All in all my preferences are (in descending preference) B, A, D', C
where D' is D without the third possibility.
Semantics
=========
There are several issues to review before we can choose the right
semantics.
If/Elif Chain vs. Dict-based Dispatch
-------------------------------------
There are two main schools of thought about the switch statement's
semantics. School I wants to define the switch statement in term of
an equivalent if/elif chain. School II prefers to think of it as a
dispatch on a precomputed dictionary.
The difference is mainly important when either the switch expression
or one of the case expressions is not hashable; school I wants this to
be handled as it would be by an if/elif chain (i.e. hashability of the
expressions involved doesn't matter) while school II is willing to say
that the switch expression and all the case expressions must be
hashable if a switch is to be used; otherwise the user should have
written an if/elif chain.
There's also a difference of opinion regarding the treatment of
duplicate cases (i.e. two or more cases with the same match
expression). School I wants to treat this the same is an if/elif
chain would treat it (i.e. the first match wins and the code for the
second match is silently unreachable); school II generally wants this
to be an error at the time the switch is frozen.
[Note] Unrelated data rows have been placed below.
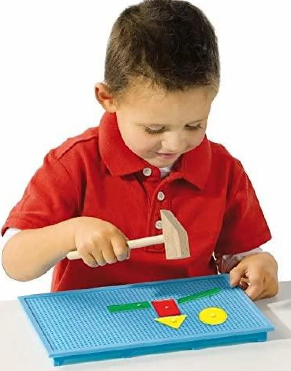 Klassikeren med hammer og søm er moderniseret. Nu bliver sømmene ikke væk, for de er integreret i figurerne. Legen er stadig lige sjov, og dit barn har mange timers leg foran sig, mens det får en tidlig introduktion til geometriske former og mønstre.
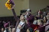 A Central Michigan fan celebrates during the gymnastics meet between Central Michigan and Eastern Michigan at McGuirk Arena, Friday, Feb. 14, 2025. There were 443 people in attendance. (CM-Life | Mark Hoover)
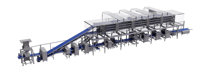 Designed around automation, flexibility, and food safety, this advanced pizza forming production line enables manufacturers to produce pizzas of multiple sizes and formats with impeccable stability at high speeds, making it an ideal choice for both large industrial plants and fast-growing commercial bakeries.

There's also a school III which states that the definition of a switch
statement should be in terms of an equivalent if/elif chain, with the
exception that all the expressions must be hashable.
School I believes that the if/elif chain is the only reasonable,
surprise-free way of defining switch semantics, and that optimizations
as suggested by PEP 275's Solution 1 are sufficient to make most
common uses fast. School I sees trouble in the approach of
pre-freezing a dispatch dictionary because it places a new and unusual
burden on programmers to understand exactly what kinds of case values
are allowed to be frozen and when the case values will be frozen, or
they might be surprised by the switch statement's behavior.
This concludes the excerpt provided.